» **Problem to work on**: Where an image appears, leave it out; otherwise repeat the data exactly.

» **Dataset section**:
--------------------------------

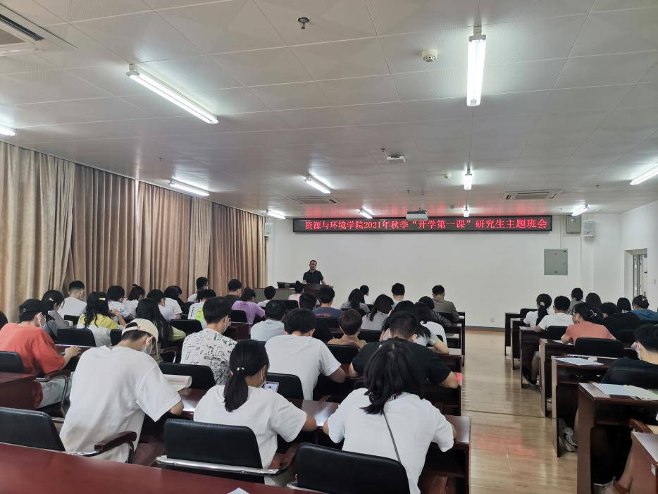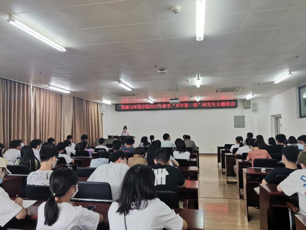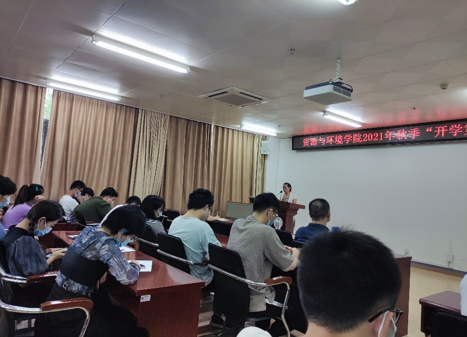 9月8日上午,资源与环境学院于13栋261报告厅召开2021年秋季“开学第一课”研究生主题班会。出席本次会议的有学院党委书记马国杰、副院长徐志高、研究生辅导员刘瑾及学院全体2019级、2020级研究生。
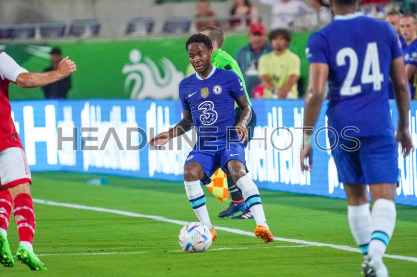 Orlando, Florida, USA, July 23, 2022, Chelsea player Raheem Sterling #17 controls the ball during the first half at Camping World Stadium in a Friendly Match. (Photo Credit: Marty Jean-Louis)
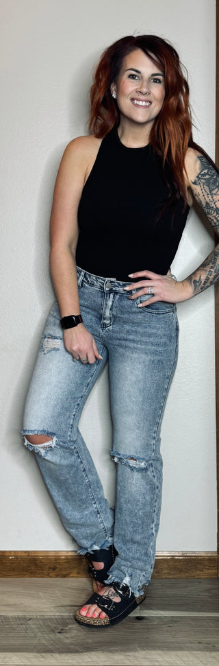 Judy Blue Full Size High Waist Vintage Wash Front Seam & Slit Straight Plus Size

--------------------------------

» **Output below**:
 9月8日上午,资源与环境学院于13栋261报告厅召开2021年秋季“开学第一课”研究生主题班会。出席本次会议的有学院党委书记马国杰、副院长徐志高、研究生辅导员刘瑾及学院全体2019级、2020级研究生。
 Orlando, Florida, USA, July 23, 2022, Chelsea player Raheem Sterling #17 controls the ball during the first half at Camping World Stadium in a Friendly Match. (Photo Credit: Marty Jean-Louis)
 Judy Blue Full Size High Waist Vintage Wash Front Seam & Slit Straight Plus Size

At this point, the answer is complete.